Once you can recognise the notes and trust the ones you are holding, the rupee becomes one of the easy parts of a Nepal trip. A little local number sense helps when you are bargaining or counting change — our guide to Nepali numbers for bargaining walks through saying prices out loud. From there, the fun part is spending: see what to buy in Nepal for ideas on where those rhino and tiger notes go furthest, and the practical Nepal currency guide for exchange rates, ATMs, cards and how much cash to carry.
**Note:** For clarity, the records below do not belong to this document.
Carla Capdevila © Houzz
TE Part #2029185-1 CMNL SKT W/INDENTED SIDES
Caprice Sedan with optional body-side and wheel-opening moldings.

Handled with a bit of knowledge, the Nepalese rupee is a friendly, characterful currency — mountain on the front, wildlife on the back, and a long history folded into every note.

Sources

Frequently asked questions

What is the symbol and currency code for the Nepalese rupee?
The international currency code is NPR, and the rupee is also written locally as Rs or with the symbol Rs (the rupee sign). The NPR code exists to tell it apart from the Indian, Pakistani, Sri Lankan and other rupees, which all share the same name. In Nepali the currency is spoken as the rupaiya.
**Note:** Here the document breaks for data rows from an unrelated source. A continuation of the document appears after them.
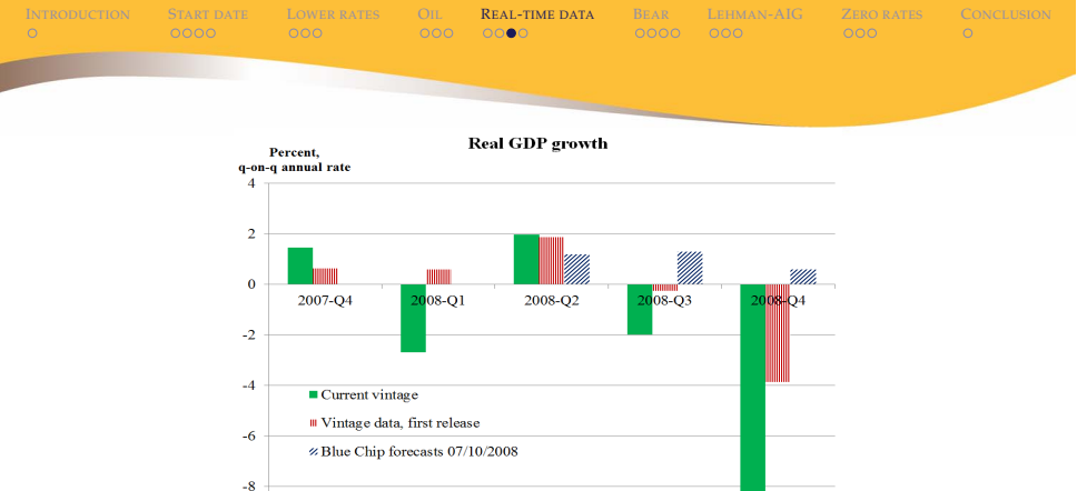
FIGURE: The real GDP data available as of August 2008 suggested the U.S. economy continued to grow at a modest pace. Forecasts predicted more of the same.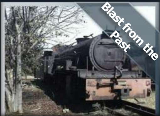
Blast from the Past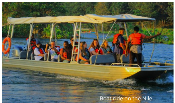
Boat ride on the Nile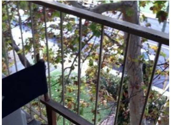
Front Gardens Taken : 22/01/2013 - 11:16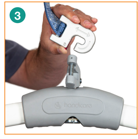
Swap carry bar and slide red release switch back down.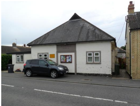
The current village hall site

Parish (or Community-Led) Plans create a shared vision for how the community wants to develop, and identify the action needed to achieve it. They provide a way for you to have your say on all aspects of life in your community, whether environmental, social, economic or cultural. These needs and aspirations are then translated into an action plan showing who, how and by when these priorities will be tackled.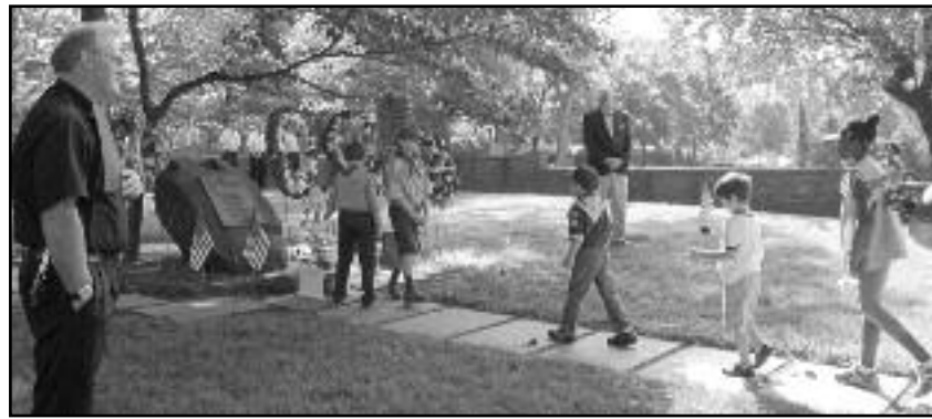
(above) Young scouts take part in the "Walk of the Children", placing flowers on a grave site in loving memory.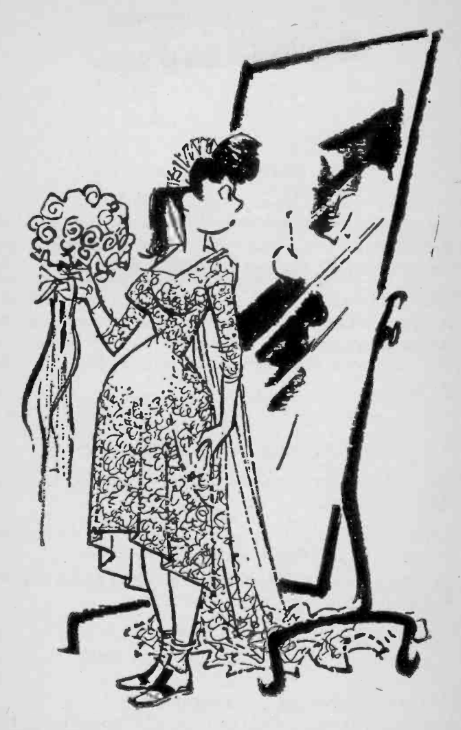
"Hollendale's is open until nine, and don't forget that Hollendale's has the latest maternity fashions for the modern Miss."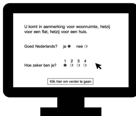
Fig. 1. Illustration of test interface. Participants had 20 s to answer both questions.

Written instructions at the start of the test included five example trials, with Ja/Nee responses completed as appropriate. Two of the examples were foils. The purpose of the example trials was to demonstrate that the question “Goed Nederlands?” entailed a grammaticality judgement, hence calling attention to the syntactic form of the sentences. Participants had the opportunity to seek clarification from the experimenter after reading the instructions. The test took approximately 30 min.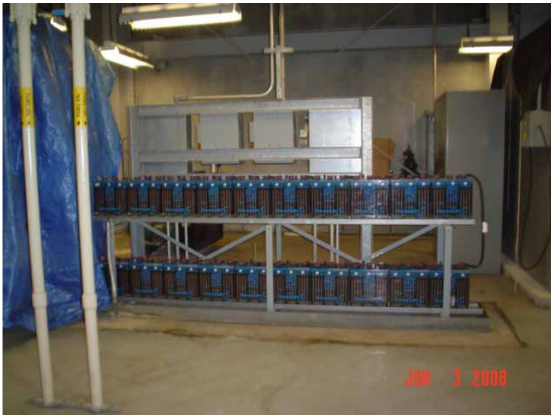
18. Battery bank and switch boxes inside building.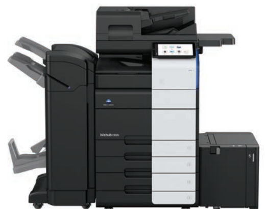
bizhub i-Series C650i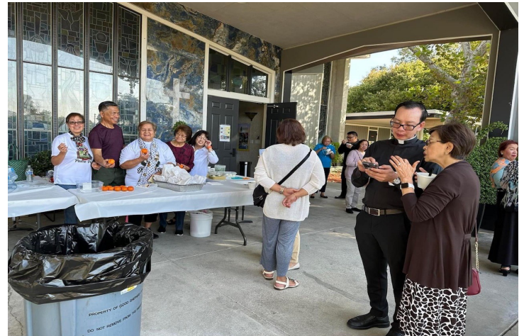
Reception after Healing Mass 8/31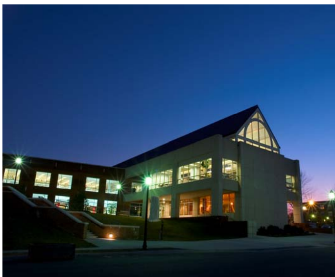
The Janet D. Greenwood Library

When was the Nepalese rupee introduced?
The rupee was introduced in 1932, replacing the older silver mohar at a rate of two mohar to one rupee, and was first known in Nepali as the mohru. Nepal Rastra Bank, the country's central bank, was established in 1956 and has issued the currency ever since.
Why is Mount Everest on every Nepalese banknote?
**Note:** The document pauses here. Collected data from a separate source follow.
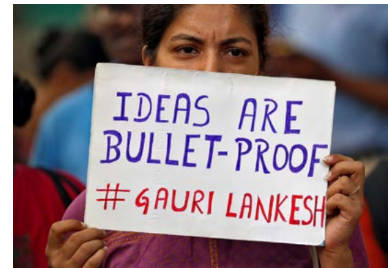
People attend a protest in New Delhi against the killing of Gauri Lankesh, a senior Indian journalist who, according to police, was shot dead outside her home on Tuesday by unidentified assailants in the southern city of Bengaluru, India, September 7, 2017.

There are still some notable gaping holes. In Bangladesh, India and the Maldives, it sadly seems that media workers' lives carry little regard in the wider state interests. So long as that climate remains, the numbers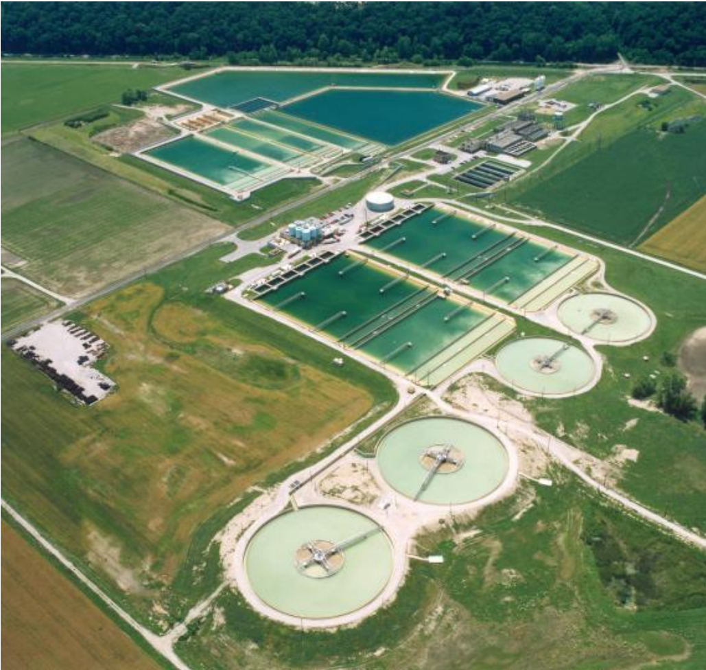
St. Louis County's Central Water Treatment Plant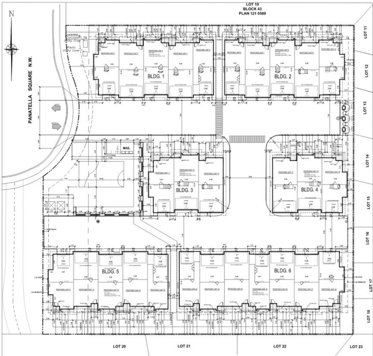
Figure 1: Site Plan

The following excerpts (Figures 1-3) from the development permit application provide an overview of the proposal and are included for information purposes only. DP2022-08512 proposes a 28-unit townhouse development incorporating the road closure area with the adjacent parcel of land. The proposed building height is 11.5 and the proposed density is 28 units (the maximum density is 39 units).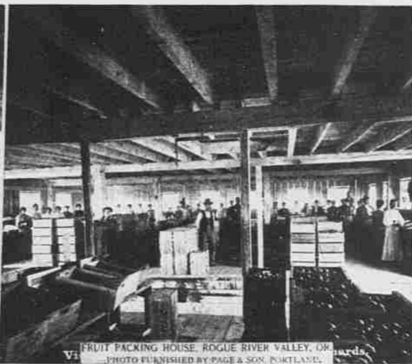
FRUIT PACKING HOUSE, ROGUE RIVER VALLEY, OR.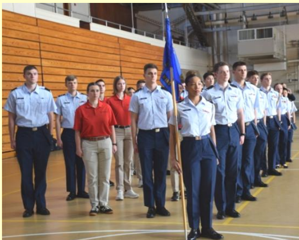
Above: Det 550's Cadet Corps Wing prepares for the Change of Command ceremony in the RPI Armory.

Mount Everest replaced the portrait of the king on Nepali notes from around 2007 to 2008, just before Nepal became a republic in 2008. Since then every circulating note from 5 to 1,000 rupees carries Everest on its face, which makes the design instantly recognisable as Nepali.
What is the highest denomination Nepalese rupee note?
The 1,000-rupee note is the highest denomination in everyday circulation. Notes run 5, 10, 20, 50, 100, 500 and 1,000 rupees, with rare 1, 2, 25 and 250 notes you are very unlikely to handle. There are also low-value coins, but visitors deal almost entirely in notes.
How can I tell if a Nepalese rupee note is genuine?
Hold the note up to the light and look for a clear watermark (Everest and the rhododendron flower) on the right, a security thread you can read through the paper, and a firm, slightly textured feel. Genuine notes have deep, sharp colours; counterfeits tend to look pale, feel slippery and show a blurry watermark.
Did Nepal change its banknotes recently?
Yes. From 2024 Nepal Rastra Bank moved to withdraw older pre-2019 versions of the 500 and 1,000 notes over counterfeiting concerns, and in late 2025 it issued a redesigned 100-rupee note. As a tourist you can simply use whatever current notes the banks and ATMs give you.
Is the Nepalese rupee the same as the Indian rupee?
No, they are separate currencies, but the Nepalese rupee is pegged to the Indian rupee at a fixed rate of about 1 Indian rupee to 1.6 Nepalese rupees, in place since the early 1990s. Indian 100-rupee notes are widely accepted in Nepal; higher Indian denominations have been restricted, so confirm the current rule before carrying them.
What are paisa in Nepalese currency?
One rupee is divided into 100 paisa, the same way a dollar splits into cents. Paisa coins were used for very small amounts in the past, but inflation means they have almost vanished from daily life. In practice everything is now priced and paid in whole rupees using banknotes.